Work to complete
Read the entries below and pull out each line with the string "includes".

(Saved entries)
╭──

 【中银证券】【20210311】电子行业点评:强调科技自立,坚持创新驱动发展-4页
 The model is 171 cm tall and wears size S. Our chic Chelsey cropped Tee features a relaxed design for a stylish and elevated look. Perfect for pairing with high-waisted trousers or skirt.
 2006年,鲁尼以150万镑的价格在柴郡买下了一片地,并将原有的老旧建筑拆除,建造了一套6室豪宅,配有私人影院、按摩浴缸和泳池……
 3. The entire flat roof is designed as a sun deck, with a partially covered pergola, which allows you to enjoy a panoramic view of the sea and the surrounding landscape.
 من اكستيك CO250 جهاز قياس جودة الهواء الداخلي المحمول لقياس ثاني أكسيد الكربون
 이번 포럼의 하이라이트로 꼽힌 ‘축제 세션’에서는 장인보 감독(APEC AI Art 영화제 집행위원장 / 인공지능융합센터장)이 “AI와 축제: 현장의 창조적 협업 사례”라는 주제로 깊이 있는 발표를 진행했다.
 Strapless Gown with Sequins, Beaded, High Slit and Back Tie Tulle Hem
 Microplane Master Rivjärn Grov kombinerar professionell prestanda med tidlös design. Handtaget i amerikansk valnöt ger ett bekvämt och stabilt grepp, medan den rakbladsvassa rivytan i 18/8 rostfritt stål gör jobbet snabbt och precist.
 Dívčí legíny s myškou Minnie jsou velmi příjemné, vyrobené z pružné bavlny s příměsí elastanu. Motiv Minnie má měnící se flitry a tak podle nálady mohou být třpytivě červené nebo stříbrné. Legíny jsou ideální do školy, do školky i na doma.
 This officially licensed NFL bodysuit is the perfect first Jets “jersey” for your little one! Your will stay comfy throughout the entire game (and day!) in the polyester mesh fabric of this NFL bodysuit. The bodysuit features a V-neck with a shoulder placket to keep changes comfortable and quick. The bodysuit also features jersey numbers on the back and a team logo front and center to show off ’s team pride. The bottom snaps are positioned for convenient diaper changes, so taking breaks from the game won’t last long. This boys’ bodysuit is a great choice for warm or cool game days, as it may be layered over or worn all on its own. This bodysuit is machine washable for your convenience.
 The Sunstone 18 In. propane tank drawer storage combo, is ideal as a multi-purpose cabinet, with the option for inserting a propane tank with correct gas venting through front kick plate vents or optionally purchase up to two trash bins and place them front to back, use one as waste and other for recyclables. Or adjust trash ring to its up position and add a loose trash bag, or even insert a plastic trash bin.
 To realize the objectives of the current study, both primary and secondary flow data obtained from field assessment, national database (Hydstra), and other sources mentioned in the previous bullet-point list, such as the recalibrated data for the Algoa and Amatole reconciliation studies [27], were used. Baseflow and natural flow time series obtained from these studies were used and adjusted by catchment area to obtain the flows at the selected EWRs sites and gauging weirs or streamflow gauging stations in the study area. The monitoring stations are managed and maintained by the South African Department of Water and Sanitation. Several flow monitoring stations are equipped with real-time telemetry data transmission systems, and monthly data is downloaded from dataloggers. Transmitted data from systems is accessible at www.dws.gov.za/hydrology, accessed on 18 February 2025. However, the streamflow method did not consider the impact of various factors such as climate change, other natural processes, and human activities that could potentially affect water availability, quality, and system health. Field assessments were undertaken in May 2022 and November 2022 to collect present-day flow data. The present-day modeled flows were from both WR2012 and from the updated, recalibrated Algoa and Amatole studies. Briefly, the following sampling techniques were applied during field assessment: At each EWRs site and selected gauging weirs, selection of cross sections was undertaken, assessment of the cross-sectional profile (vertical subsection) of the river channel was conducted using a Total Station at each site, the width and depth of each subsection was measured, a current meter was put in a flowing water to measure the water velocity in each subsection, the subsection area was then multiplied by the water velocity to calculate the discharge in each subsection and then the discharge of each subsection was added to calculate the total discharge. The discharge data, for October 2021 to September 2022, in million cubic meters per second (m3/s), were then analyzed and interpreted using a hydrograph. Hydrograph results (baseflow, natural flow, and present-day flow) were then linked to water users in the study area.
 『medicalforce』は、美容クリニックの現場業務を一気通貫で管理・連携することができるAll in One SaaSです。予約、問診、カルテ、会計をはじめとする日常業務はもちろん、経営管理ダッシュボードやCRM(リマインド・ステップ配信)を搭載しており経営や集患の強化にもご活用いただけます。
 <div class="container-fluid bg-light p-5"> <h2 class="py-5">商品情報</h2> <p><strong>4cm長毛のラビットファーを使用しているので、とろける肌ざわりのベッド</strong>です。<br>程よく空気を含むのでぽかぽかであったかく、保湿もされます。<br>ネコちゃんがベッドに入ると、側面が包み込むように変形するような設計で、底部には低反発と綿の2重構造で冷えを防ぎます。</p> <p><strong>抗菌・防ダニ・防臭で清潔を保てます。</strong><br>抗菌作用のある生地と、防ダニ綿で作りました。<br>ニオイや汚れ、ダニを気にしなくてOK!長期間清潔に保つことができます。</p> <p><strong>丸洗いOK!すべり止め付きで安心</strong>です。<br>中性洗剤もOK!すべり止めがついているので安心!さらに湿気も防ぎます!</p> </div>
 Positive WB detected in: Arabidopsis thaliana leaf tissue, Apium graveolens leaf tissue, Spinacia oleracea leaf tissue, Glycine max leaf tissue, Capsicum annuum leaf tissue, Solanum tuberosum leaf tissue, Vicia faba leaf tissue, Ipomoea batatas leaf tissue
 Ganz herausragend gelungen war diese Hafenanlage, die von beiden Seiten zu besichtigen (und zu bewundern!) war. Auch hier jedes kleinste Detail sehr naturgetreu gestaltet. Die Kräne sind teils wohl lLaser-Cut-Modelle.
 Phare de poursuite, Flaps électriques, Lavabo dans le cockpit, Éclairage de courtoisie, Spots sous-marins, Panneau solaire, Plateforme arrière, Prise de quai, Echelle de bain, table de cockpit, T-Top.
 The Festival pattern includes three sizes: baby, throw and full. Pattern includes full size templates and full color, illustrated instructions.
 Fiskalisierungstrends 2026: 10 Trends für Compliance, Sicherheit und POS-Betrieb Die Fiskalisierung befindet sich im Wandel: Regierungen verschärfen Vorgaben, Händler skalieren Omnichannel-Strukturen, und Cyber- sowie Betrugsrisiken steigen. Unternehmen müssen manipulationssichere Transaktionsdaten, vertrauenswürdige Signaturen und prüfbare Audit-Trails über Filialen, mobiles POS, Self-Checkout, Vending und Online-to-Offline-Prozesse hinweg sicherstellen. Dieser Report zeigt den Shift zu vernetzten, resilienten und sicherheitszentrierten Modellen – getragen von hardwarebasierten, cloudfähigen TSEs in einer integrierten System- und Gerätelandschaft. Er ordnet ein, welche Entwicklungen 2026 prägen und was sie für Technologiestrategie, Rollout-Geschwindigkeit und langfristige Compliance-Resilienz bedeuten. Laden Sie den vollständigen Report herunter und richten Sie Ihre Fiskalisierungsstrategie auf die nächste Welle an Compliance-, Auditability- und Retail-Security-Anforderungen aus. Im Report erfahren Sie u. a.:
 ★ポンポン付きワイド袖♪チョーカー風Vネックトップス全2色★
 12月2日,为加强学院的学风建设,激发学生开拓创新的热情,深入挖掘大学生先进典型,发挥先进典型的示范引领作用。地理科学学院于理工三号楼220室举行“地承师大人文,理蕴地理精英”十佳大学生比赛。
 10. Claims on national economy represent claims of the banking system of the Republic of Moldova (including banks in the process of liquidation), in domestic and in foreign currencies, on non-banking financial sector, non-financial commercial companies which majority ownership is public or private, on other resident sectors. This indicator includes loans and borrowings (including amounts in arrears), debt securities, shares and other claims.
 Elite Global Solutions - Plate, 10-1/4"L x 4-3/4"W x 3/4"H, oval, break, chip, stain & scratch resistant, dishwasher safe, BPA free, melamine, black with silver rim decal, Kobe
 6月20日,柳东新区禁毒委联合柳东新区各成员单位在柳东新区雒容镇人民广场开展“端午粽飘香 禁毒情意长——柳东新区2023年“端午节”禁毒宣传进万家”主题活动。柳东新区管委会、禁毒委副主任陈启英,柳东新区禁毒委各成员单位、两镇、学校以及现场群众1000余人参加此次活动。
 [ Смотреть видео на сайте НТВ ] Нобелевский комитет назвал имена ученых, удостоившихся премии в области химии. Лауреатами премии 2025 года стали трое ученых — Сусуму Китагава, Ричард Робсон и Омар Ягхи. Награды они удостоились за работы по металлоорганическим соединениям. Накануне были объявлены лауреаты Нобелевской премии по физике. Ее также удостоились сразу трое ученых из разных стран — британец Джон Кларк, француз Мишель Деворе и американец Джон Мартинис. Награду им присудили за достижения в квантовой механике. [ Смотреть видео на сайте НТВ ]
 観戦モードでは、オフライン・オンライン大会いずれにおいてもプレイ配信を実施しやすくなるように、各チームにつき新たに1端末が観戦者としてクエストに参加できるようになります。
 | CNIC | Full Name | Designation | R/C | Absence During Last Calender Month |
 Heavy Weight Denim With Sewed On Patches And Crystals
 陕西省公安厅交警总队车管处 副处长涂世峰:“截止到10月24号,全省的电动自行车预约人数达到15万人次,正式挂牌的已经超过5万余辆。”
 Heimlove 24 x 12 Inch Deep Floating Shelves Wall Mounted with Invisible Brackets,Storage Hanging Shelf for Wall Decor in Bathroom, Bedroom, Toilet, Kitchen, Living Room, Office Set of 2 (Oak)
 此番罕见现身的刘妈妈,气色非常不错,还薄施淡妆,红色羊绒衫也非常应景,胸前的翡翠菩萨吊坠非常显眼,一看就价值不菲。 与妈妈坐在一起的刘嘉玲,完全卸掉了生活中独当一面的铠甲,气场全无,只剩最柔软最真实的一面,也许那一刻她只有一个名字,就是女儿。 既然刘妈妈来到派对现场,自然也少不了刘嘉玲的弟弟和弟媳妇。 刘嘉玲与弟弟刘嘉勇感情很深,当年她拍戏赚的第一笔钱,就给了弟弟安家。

╰──

Answer box
 The Festival pattern includes three sizes: baby, throw and full. Pattern includes full size templates and full color, illustrated instructions.
 10. Claims on national economy represent claims of the banking system of the Republic of Moldova (including banks in the process of liquidation), in domestic and in foreign currencies, on non-banking financial sector, non-financial commercial companies which majority ownership is public or private, on other resident sectors. This indicator includes loans and borrowings (including amounts in arrears), debt securities, shares and other claims.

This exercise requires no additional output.